HOW TO COMPLETE THIS TASK: Please copy the data exactly as it stands, minus the images.

GIVEN DATA:

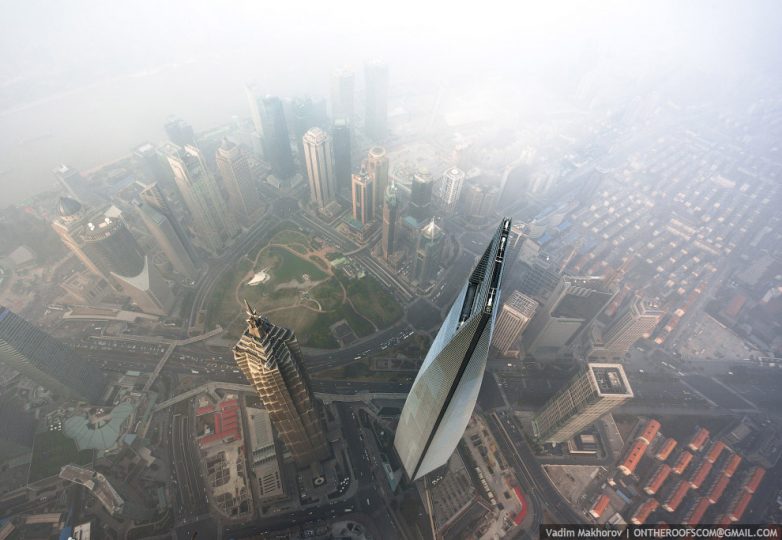 Вид на стройку. Справа — из облаков торчат высоченные небоскрёбы Цзинь Мао (421м) и Шанхайский всемирный финансовый центр (492м):
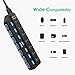 Individual On/Off Switches: USB hub powered is designed with individual on/off switches, you can turn the power on and off whenever you choose without unplugging the equipment. Besides, Each port includes an LED light so you can check the power status.
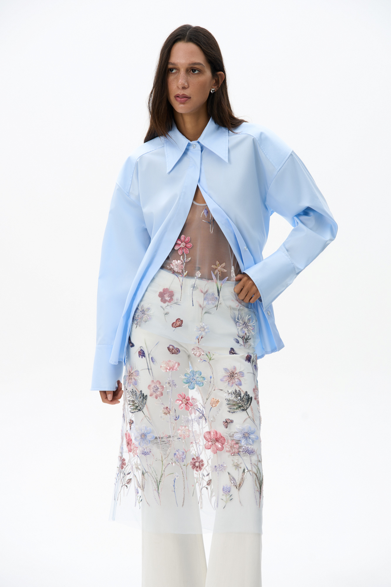 Прозрачная юбка с вышивкой

RESULT OF THE TASK:
 Вид на стройку. Справа — из облаков торчат высоченные небоскрёбы Цзинь Мао (421м) и Шанхайский всемирный финансовый центр (492м):
 Individual On/Off Switches: USB hub powered is designed with individual on/off switches, you can turn the power on and off whenever you choose without unplugging the equipment. Besides, Each port includes an LED light so you can check the power status.
 Прозрачная юбка с вышивкой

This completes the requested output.